Così l'ex dirigente provinciale, già responsabile della Centrale unica dell'emergenza, ha deciso di partecipare alla selezione per l'assunzione di un nuovo direttore della casa di riposo e l'ha superata brillantemente (così raccontano le indiscrezioni), lasciando le briciole ai concorrenti. D'altronde Luisa Zappini ha una storia di stimata professionista, anche se segnata da una lunga vicenda giudiziaria che l'ha vista al centro di processi in Tribunale e alla Corte dei Conti. Ora dovrebbe aver trovato una nuova opportunità alla Casa di riposo Santa Croce di Bleggio.

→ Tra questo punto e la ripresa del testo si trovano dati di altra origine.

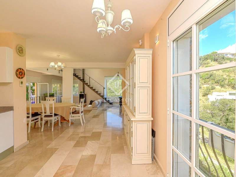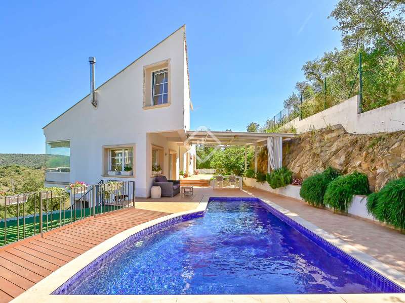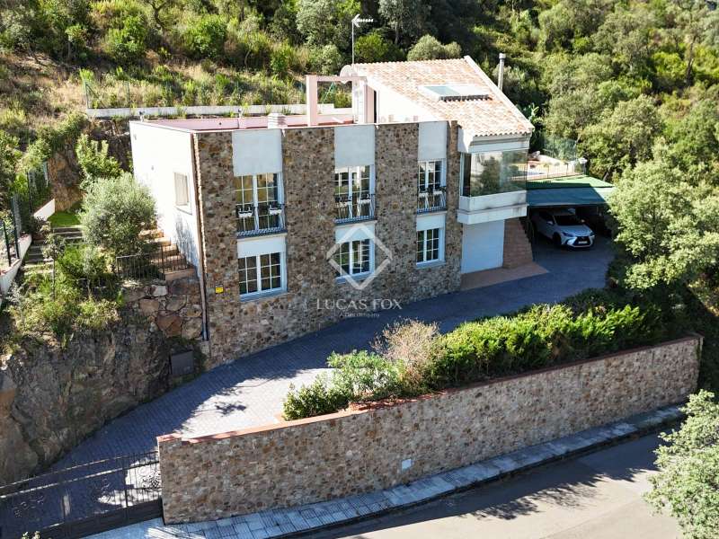 This elegant new build villa is located in the exclusive and quiet residential area of Cim d'Aro, in Platja d'Aro, just minutes from the beach, a wide range of restaurants and shops, the prestigious marina, and the renowned Mas Nou golf course . A privileged location that combines privacy, nature, and convenience. The property, with 262 m² built on a 627 m² plot , is spread over two floors carefully designed to offer light, spaciousness and comfort. On the main floor , there is an entrance hall that leads to the night area, which consists of three double bedrooms, one with a private bathroom, as well as an additional full bathroom serving the rest of the rooms. The garage is also located on this same floor, currently used as a practical multipurpose room. An elegant stone staircase leads to the upper floor , where the day area is located. The bright living-dining room with fireplace, high ceilings, and unobstructed mountain views stands out, with direct access to the garden and pool. The dining area is integrated with a modern, fully equipped open kitchen, which also connects to the exterior and the pleasant barbecue area. There is also a guest toilet on this floor . The main bedroom completes the floor , a spacious and welcoming space with a private bathroom. The perfectly maintained garden features a large swimming pool with a jacuzzi area, an exterior shower, an al fresco dining room with a barbecue, and direct private access to the forest, ideal for enjoying Mediterranean life. Among its amenities, the underfloor heating using aerothermics and the automatic irrigation system in the garden stand out. A villa that combines design, functionality, and natural surroundings in one of the most sought-after areas of the Costa Brava. Don't hesitate to contact us for more information or to arrange a viewing of this exclusive property.

La vicenda è lunga, come detto, tant'è che risale al 2020, per giunta per eventi avvenuti negli anni precedenti. L'ultima volta che la cronaca si è occupata di quei fatti risale più o meno a un anno fa, nel luglio 2025, quando il Tribunale di Trento respinse la richiesta dell'ex dirigente di parziale revoca della sentenza del 2020, quando patteggiò un anno e sei mesi per tentato abuso d'ufficio (ci sarebbe stato un accordo rispetto ai contenuti del concorso per la Centrale unica dell'emergenza), truffa aggravata (per i permessi della legge 104 usufruiti per andare in vacanza) e peculato (per l'uso dell'auto della Centrale unica a fini privati).
Nel frattempo il reato di abuso d'ufficio è stato abrogato, mentre è stato introdotto il "peculato per distrazione". Nell'occasione la difesa aveva sostenuto che non costituisce più reato la contestazione dell'uso dell'auto di servizio, in quanto la destinazione d'uso istituzionale era prevista non da una disposizione di legge, ma da una delibera provinciale, mentre l'utilizzo avrebbe avuto "natura pubblica".
Il giudice aveva rigettato l'istanza, ritenendo che l'uso del mezzo fosse avvenuto per scopi personali e non con finalità pubbliche. Ora, posto che, come dice la Costituzione, chiunque ha diritto di rifarsi una vita dopo eventuali errori o disavventure, Luisa Zappini ha deciso di ripartire dalla Casa di riposo Santa Croce di Bleggio.